Why UPS stock exploded on Thursday
For the second time in a week over Christmas, analysts have raised their price targets. united parcel service (UPS 3.52%) As of 11 a.m. ET this morning, the stock was up a modest 2.7%.
saw last week bank of america UPS raised its target to $164 per share. Today is an investment bank Oppenheimer BofA will be 4x better. that The target is $168 per share, as The Fly just reported. Moreover, BofA only gives UPS stock a “neutral” rating, while Oppenheimer thinks the stock “will outperform.”
Two views on UPS
UPS appears to have been making the rounds on Wall Street recently, with both investment banks calling for price target revisions in separate “investor meetings” with the company.
BofA’s takeaway from last week’s meeting was that UPS is off to a “solid” start to this year’s peak season. But UPS appears to be heading toward the bottom of the 3% to 8% volume growth it forecast for the fourth quarter. 2023. The banker responded by lowering UPS’s earnings growth estimates by 2% for both 2023 and 2024 and raising its price target while keeping the rating at Neutral.
Oppenheimer is more optimistic, saying he believes UPS is increasing its delivery volume and winning back customers it lost during a period of uncertainty during which UPS negotiated with unions and the Teamsters threatened a strike. (The process ended in July, and a new contract was signed shortly thereafter.) Analysts say UPS is making progress optimizing “network flows” and reducing costs, which will help stabilize the company’s profit margins.

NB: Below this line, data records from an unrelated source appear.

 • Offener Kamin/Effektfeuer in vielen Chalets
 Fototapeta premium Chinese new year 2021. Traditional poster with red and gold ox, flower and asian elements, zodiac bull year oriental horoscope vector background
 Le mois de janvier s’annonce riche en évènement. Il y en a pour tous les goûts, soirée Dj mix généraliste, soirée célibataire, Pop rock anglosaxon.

He added that it could be possible.
Is UPS stock a buy?
However, it is not yet known how large this margin improvement will be, or whether it will be good enough to justify UPS’s current valuation of 16 times earnings and its downward trend.

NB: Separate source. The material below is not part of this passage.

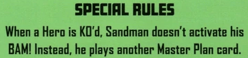 Special Rules: When a Hero is KO’d, Sandman doesn’t activate his BAM!. Instead, he plays another Master Plan card.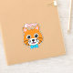 Uma ilustração de um desenho animado e adorável gato gengibre feliz com o papel azul. Este design de gatinho animal é uma ideia de presente para amantes de animais de estimação. Personalize ou personalize este adesivo adicionando seu próprio texto.

On the plus side, 3% or 4% volume growth plus a 4.1% dividend yield puts UPS nearly halfway to justifying the stock’s modest 16x P/E ratio. That said, profit margins are ending a two-year straight post-pandemic decline, but could still fall to return to pre-pandemic levels. For example, UPS’s net profit margin was 6% in 2019, more than doubling to 13% in 2021 and down to about 9% in the last report, according to data from S&P Global Market Intelligence.
Falling margins mean 2023 will be the near-term low point for UPS revenue (up to 36% below 2022 levels). Of course, higher revenue growth could offset weaker margins going forward. But despite that, most analysts don’t think UPS will return to 2022 levels of profitability until 2028 at the earliest.
Simply put, valuing UPS stock at an earnings level that likely won’t be “profitable” again for several years is a strategy that has the potential to make the stock a value trap for investors. UPS stock looks cheap right now and may not be safe to buy.
Bank of America is an advertising partner of The Ascent, a Motley Fool company. Rich Smith has no positions in any of the stocks mentioned. The Motley Fool holds a position at and recommends Bank of America. The Motley Fool recommends United Parcel Service. The Motley Fool has a disclosure policy.